Working data
★ ★ ★

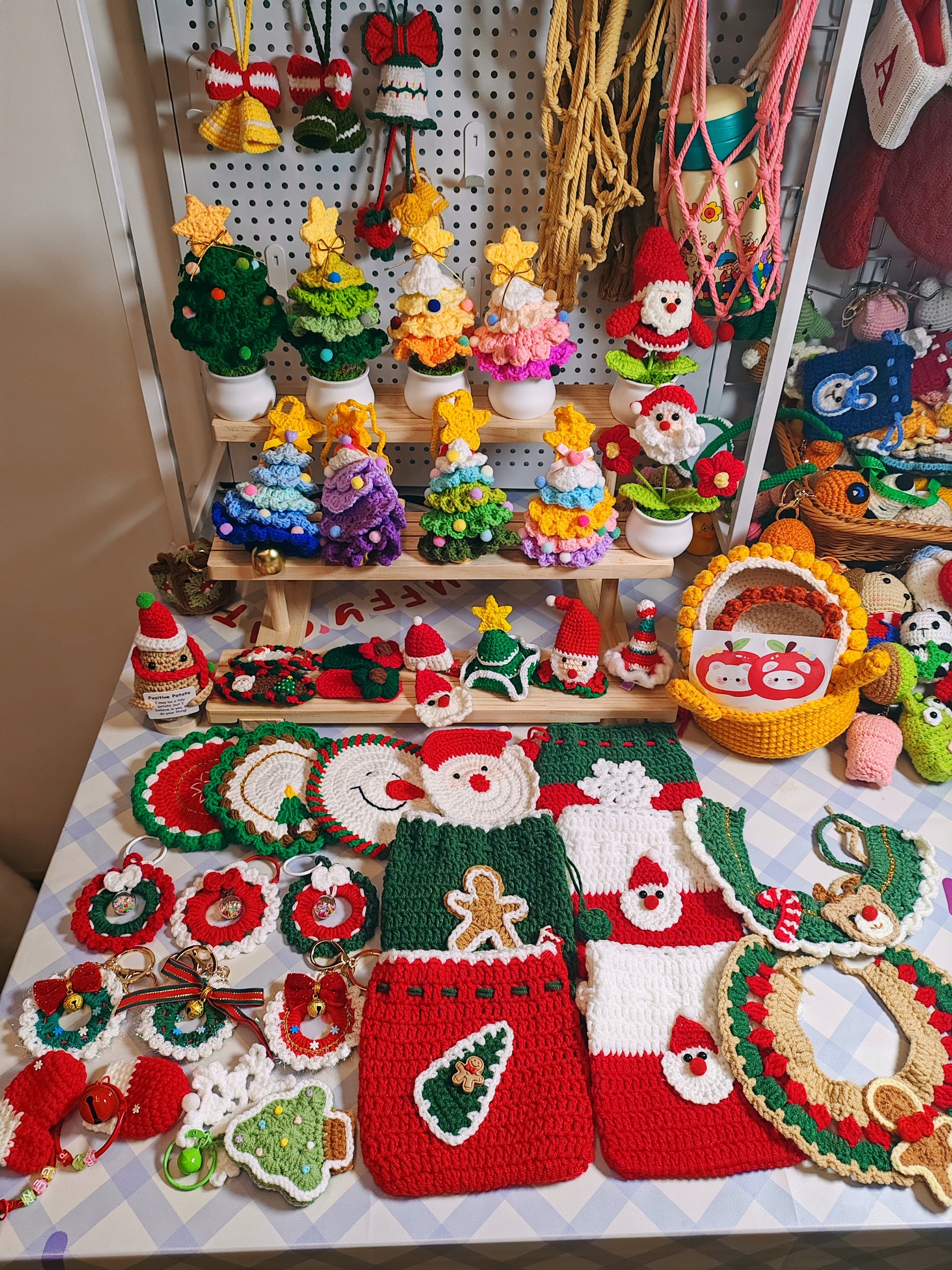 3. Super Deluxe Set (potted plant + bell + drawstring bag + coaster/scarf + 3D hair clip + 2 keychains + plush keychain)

★ ★ ★

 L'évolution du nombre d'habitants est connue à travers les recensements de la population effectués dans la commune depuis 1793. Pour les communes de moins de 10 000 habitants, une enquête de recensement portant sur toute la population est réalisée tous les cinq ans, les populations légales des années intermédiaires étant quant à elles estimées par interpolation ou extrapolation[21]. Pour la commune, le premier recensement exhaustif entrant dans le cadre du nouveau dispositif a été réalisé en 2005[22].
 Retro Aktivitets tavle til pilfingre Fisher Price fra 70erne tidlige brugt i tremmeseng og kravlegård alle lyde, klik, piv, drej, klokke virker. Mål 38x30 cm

★ ★ ★

The problem
Take the lines above from the one containing "L'évolution du nombre" to the one containing "Retro Aktivitets tavle" and retype them exactly, both ends included, with nothing added.

Answer to the exercise
 L'évolution du nombre d'habitants est connue à travers les recensements de la population effectués dans la commune depuis 1793. Pour les communes de moins de 10 000 habitants, une enquête de recensement portant sur toute la population est réalisée tous les cinq ans, les populations légales des années intermédiaires étant quant à elles estimées par interpolation ou extrapolation[21]. Pour la commune, le premier recensement exhaustif entrant dans le cadre du nouveau dispositif a été réalisé en 2005[22].
 Retro Aktivitets tavle til pilfingre Fisher Price fra 70erne tidlige brugt i tremmeseng og kravlegård alle lyde, klik, piv, drej, klokke virker. Mål 38x30 cm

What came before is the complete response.